Ross J S, Zepp R, Modic M T
Division of Radiology, Cleveland Clinic Foundation, OH 44195, USA.
AJNR Am J Neuroradiol. 1996 Feb;17(2):323-31.
To document the pattern of enhancement and morphologic changes on MR images that occur in the intervertebral disk and adjacent vertebral bodies after diskectomy and to correlate the presence of intervertebral disk enhancement with the preoperative and postoperative clinical findings.
Preoperatively, and at 3 months and 6 months after surgery, 94 adults who had first-time surgery for a herniated lumbar intervertebral disk that was associated with radiculopathy, expressed as leg symptoms or signs (with or without lower back pain), were asked to respond to a questionnaire regarding pain, were given serial physical examinations, and were examined with contrast-enhanced MR imaging. The measures of clinical outcome that were evaluated included the straight leg raise sign, radicular pain, and lower back pain. Type of disk herniation, intervertebral disk enhancement, disk space height, and degenerative end-plate changes were also assessed.
Of the 94 patients evaluated, 19 (20%) had postoperative intervertebral disk enhancement that was not present on the preoperative study. The pattern of enhancement was remarkably consistent, with 18 of the cases showing linear enhancement within the intervertebral disk, manifested as two thin bands paralleling the end plates. End-plate enhancement was present in 7 (37%) of the 19 patients with disk enhancement. There were no significant associations between disk enhancement and specific clinical symptoms before or after surgery.

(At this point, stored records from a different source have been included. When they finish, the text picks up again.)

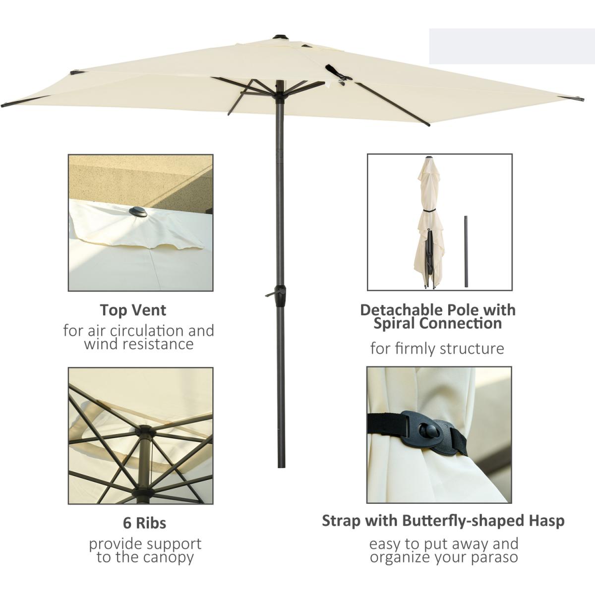2.58m Elegant Aluminium Garden Parasol - Beige
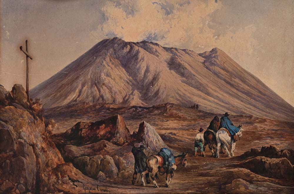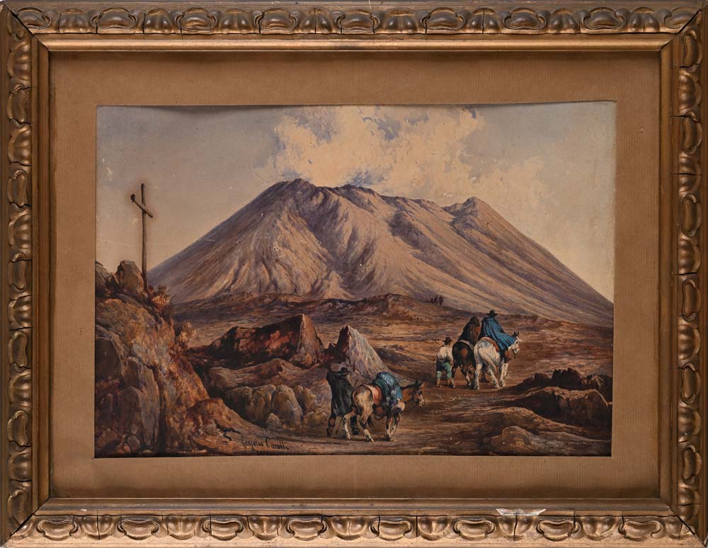 La salita al Vesuvio firmato in basso verso sinistra Gonsalvo Carelli / NAPOLI acquerello su cartoncino cm 27,5 x 39 – in cornice cm 40 x 52
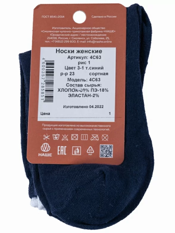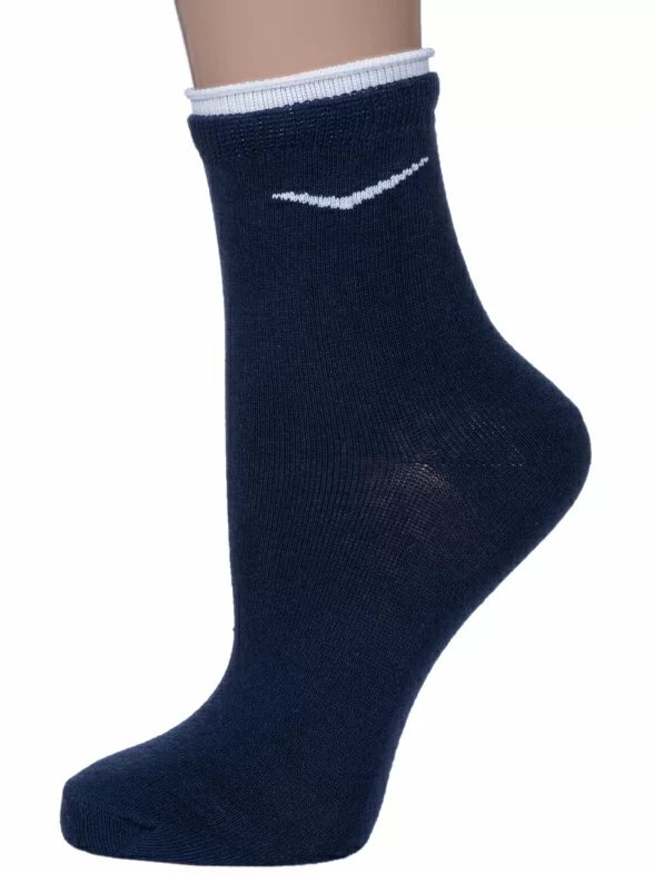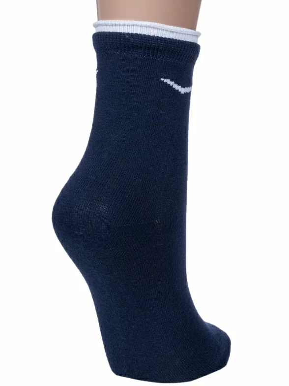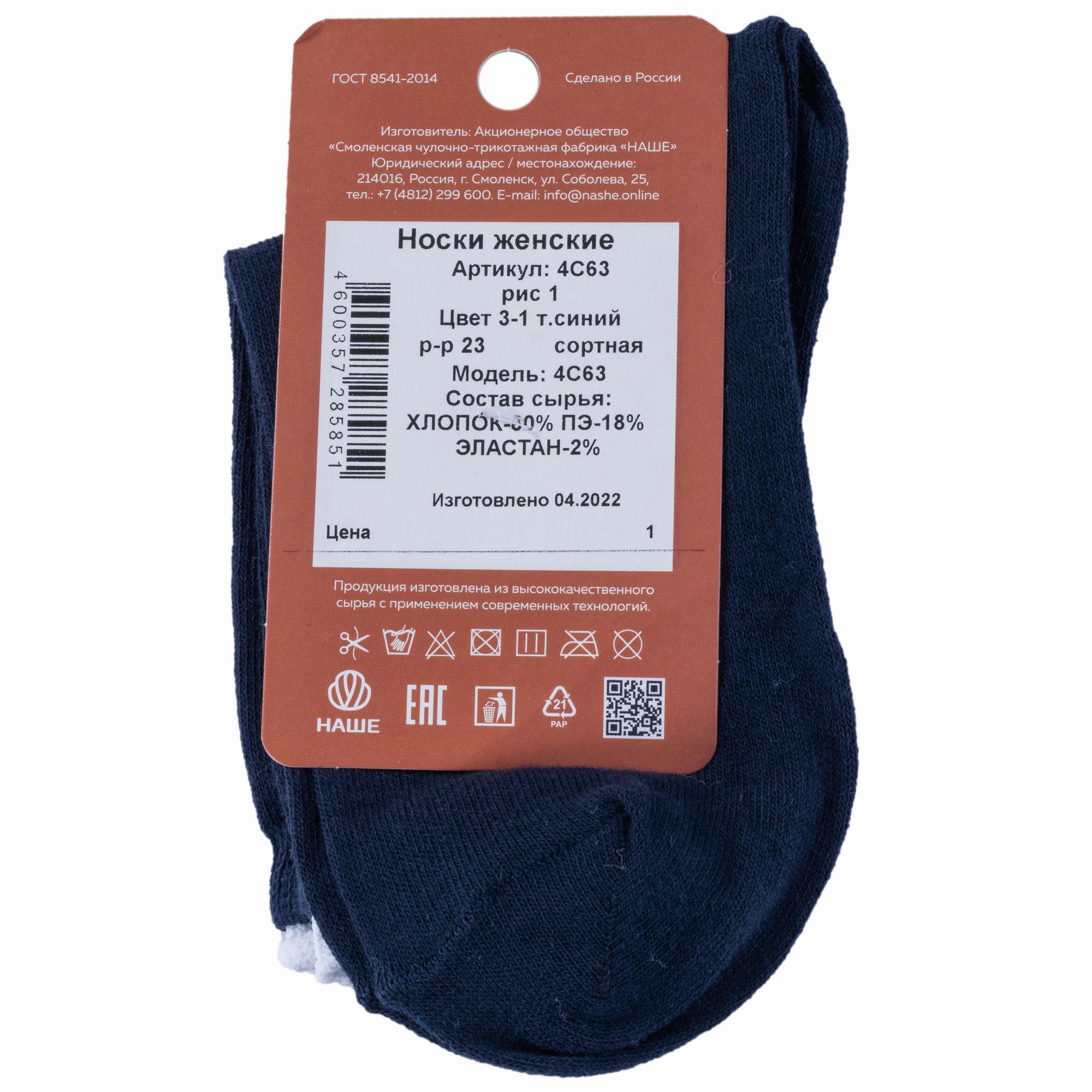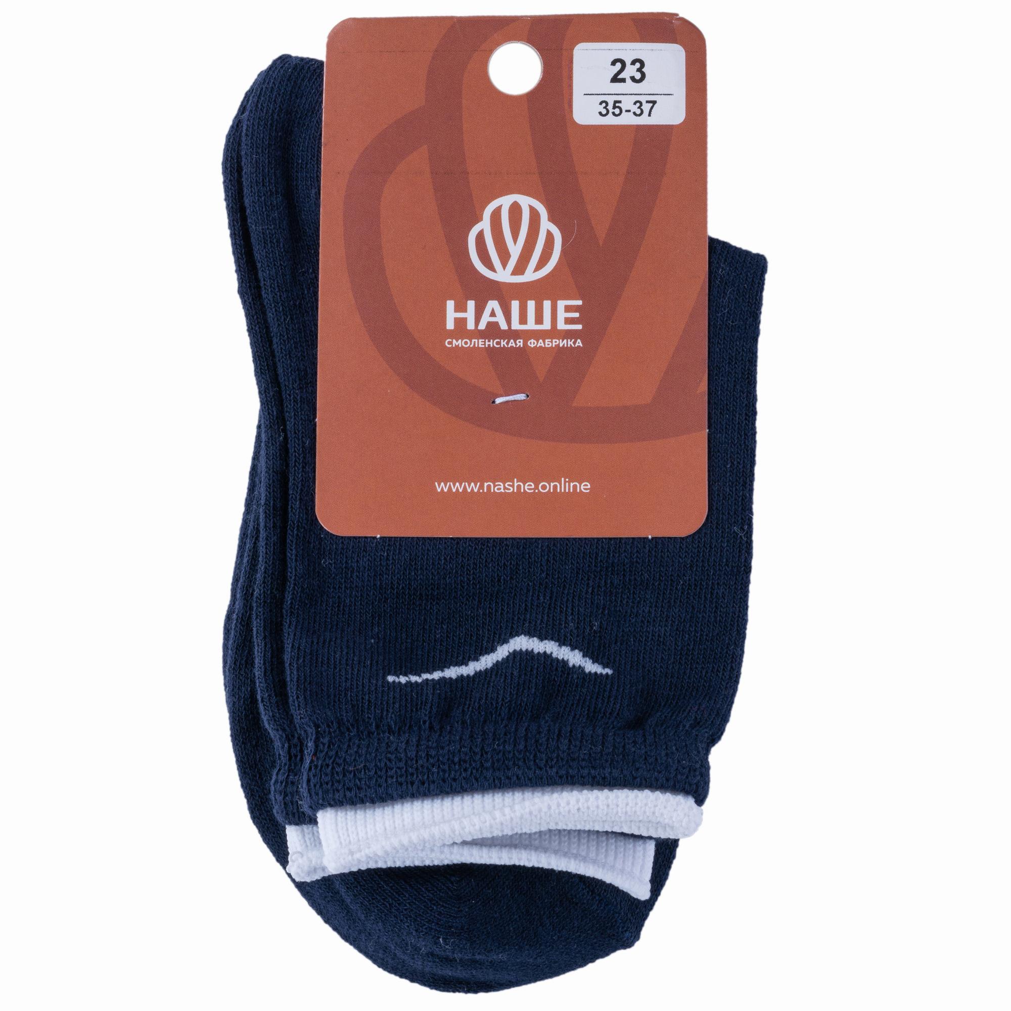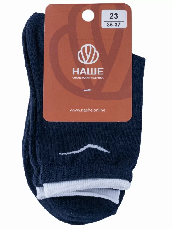 Круглогодичные укороченные женские носки, цвет темно-синий, спортивные, шов обычный (не бесшовные), принт (рисунок): небольшой рисунок, спортивные, с узором, однотонный, состав: 80% хлопок, 18% полиэстер, 2% эластан, арт. 4С63. Производитель «Смоленская чулочная фабрика, Россия» под брендом «Наше смоленской чулочной фабрики».
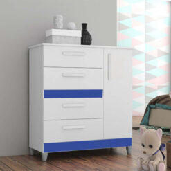 Cômoda Sapateira com 4 Gavetas Josy Flex – Branco/Rosa/Azul – Bors
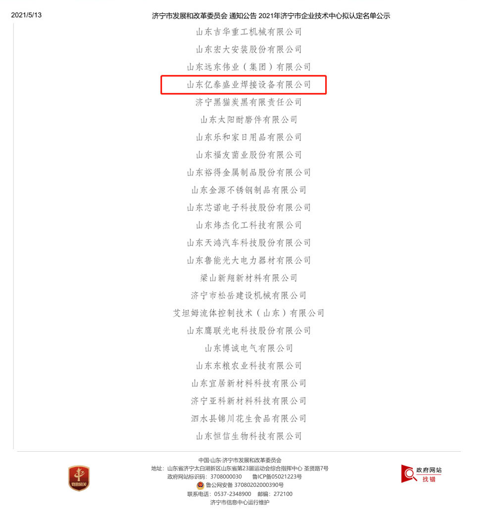 2021年濟(jì)寧市企業(yè)技術(shù)中心擬認(rèn)定名單公示
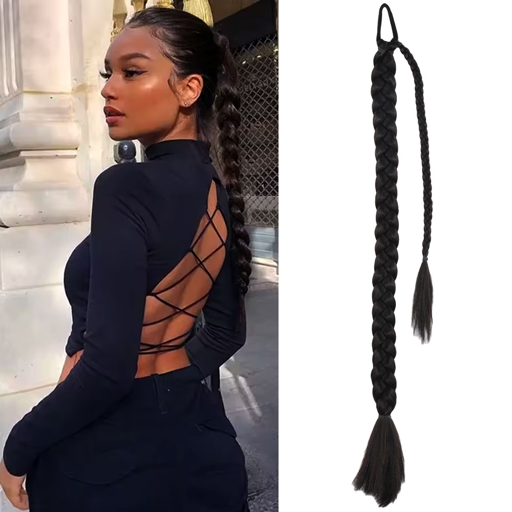 Üçlü Örgülü Tokalı Bağlamalı At Kuyruğu - Koyu Kestane

Our group of asymptomatic postoperative patients had anular enhancement (curette site), disk enhancement, and vertebral end-plate enhancement on MR images without evidence of disk space infection. This finding points out the need to understand asymptomatic postoperative changes that are sequelae of surgery and not necessarily indicators of infection.
记录椎间盘切除术后椎间盘及相邻椎体在磁共振成像(MR)上的强化模式和形态学变化,并将椎间盘强化的存在与术前和术后临床发现相关联。
术前、术后3个月和6个月,对94例首次因伴有神经根病(表现为腿部症状或体征,有或无下背痛)的腰椎间盘突出症接受手术的成年人进行问卷调查,询问疼痛情况,进行系列体格检查,并采用对比增强MR成像检查。评估的临床结果指标包括直腿抬高试验、神经根性疼痛和下背痛。还评估了椎间盘突出类型、椎间盘强化、椎间盘间隙高度和退变终板改变。
在评估的94例患者中,19例(20%)术后出现术前未有的椎间盘强化。强化模式非常一致,18例在椎间盘内呈线性强化,表现为与终板平行的两条细带。19例椎间盘强化患者中有7例(37%)出现终板强化。椎间盘强化与手术前后的特定临床症状之间无显著关联。
我们的无症状术后患者组在MR图像上有纤维环强化(刮除部位)、椎间盘强化和椎体终板强化,无椎间盘间隙感染证据。这一发现指出,有必要了解作为手术后遗症的无症状术后变化,这些变化不一定是感染的指标。